48th Lord Mayor of Melbourne
- In office 1902–1903
- Succeeded by: Sir Malcolm Donald McEacharn

Personal details
- Born: 29 October 1838 Sheffield, United Kingdom
- Died: 29 June 1913 (aged 74) Sheffield, United Kingdom

= Samuel Gillott =

Australian lawyer and politician (1838–1913)

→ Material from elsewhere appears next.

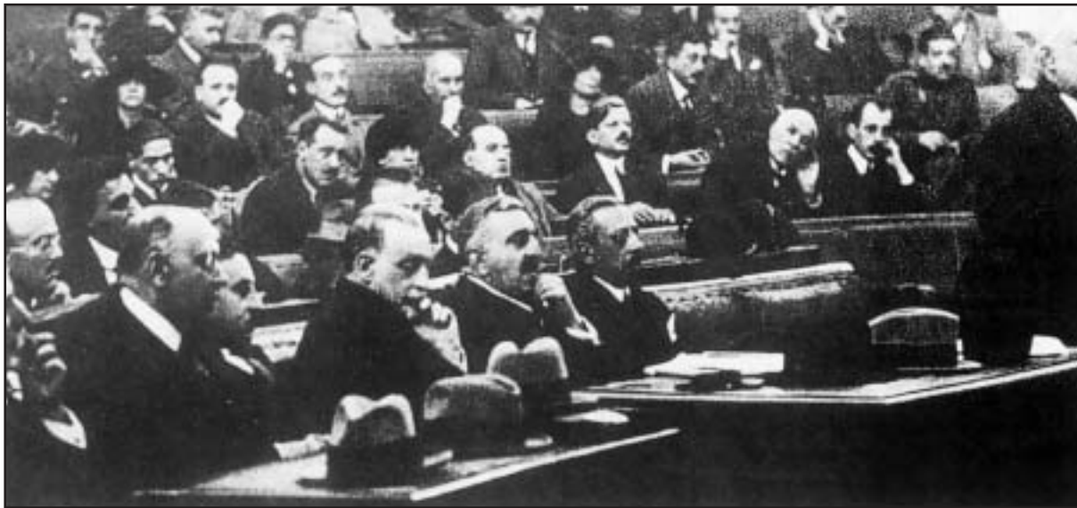
Οι κατηγορούμενοι για τη Μικρασιατική Καταστροφή στην αίθουσα του Στρατοδικείου. Από αριστερά Μ. Γούδας, Γ. Μπαλατζής, Ξ. Στρατηγός, Δ. Γούναρης, Ν. Στράτος, Ν. Θεοτόκης και Π. Πρωτοπαπαδάκης.

Η δήλωση παράστασης πολιτικής αγωγής της ΟΠΣΕ έγινε τυπικά δεκτή κατόπιν εντολής του Εισαγγελέα του Αρείου Πάγου κ. Τέντε, αφού προηγουμένως είχε αντιμετωπισθεί με επιφυλάξεις από τον εισαγγελέα της έδρας κ. Τσάγγα. Ο πληρεξούσιος δικηγόρος της ΟΠΣΕ κ. Κων. Κατερινόπουλος υποστήριξε ότι πρέπει να την ισότητα των όπλων να ακουστούν και οι θέσεις της Ομοσπονδίας γιατί αυτό επιβάλλει το άρθρο 4 του Συντάγματος και η Ευρωπαϊκή Σύμβαση Δικαιωμάτων του Ανθρώπου (αρχή της δίκαιης Δίκης), ενώ ζήτησε και ολιγοήμερη αναβολή για να θέσει υπόψη του δικαστηρίου

Sir Samuel Gillott (29 October 1838 - 29 June 1913) was an Australian lawyer and politician, commonly known as a former Lord Mayor of Melbourne.

==Early life==
Gillott was born in the city of Sheffield, then in the West Riding of Yorkshire, England, the son of Joseph and Elizabeth Gillott. Educated in Sheffield Grammar School, Gillott moved to Melbourne, Australia at the age of 17, in 1856. He was employed by a law firm, Vaughan, Moule & Seddon, and received his law degree from the University of Melbourne. Immediately after he started practicing law, Vaughan, Moule & Seddon offered him a partnership. During the 1890s, Gillott specialized in police court practice, with a firm exception being the Speight v. Syme libel case.

==Politics==
Gillott was elected as Mayor of Melbourne in 1896, but lost his mayorship in 1899 by one vote. In November 1899, Gillott was elected to the seat of East Melbourne, in the Victorian Legislative Assembly; he held this seat until his resignation on 4 December 1906. He became President of the Law Institute in 1900. In the same year, Gillott was re-elected as the Mayor of Melbourne. Promoted to Lord Mayor in 1901, Gillott was knighted in the same year during the visit to Australia of the Duke and Duchess of Cornwall and York (later King George V and Queen Mary). In 1901, under the state ministry of Sir George Turner, Gillott was given the role of Honorary Minister. After the Turner Government's fall that year, he stayed on the ministry, becoming Attorney General. In 1904, under the premiership of Sir Thomas Bent, Gillott became the Chief Secretary and the Minister for Labour.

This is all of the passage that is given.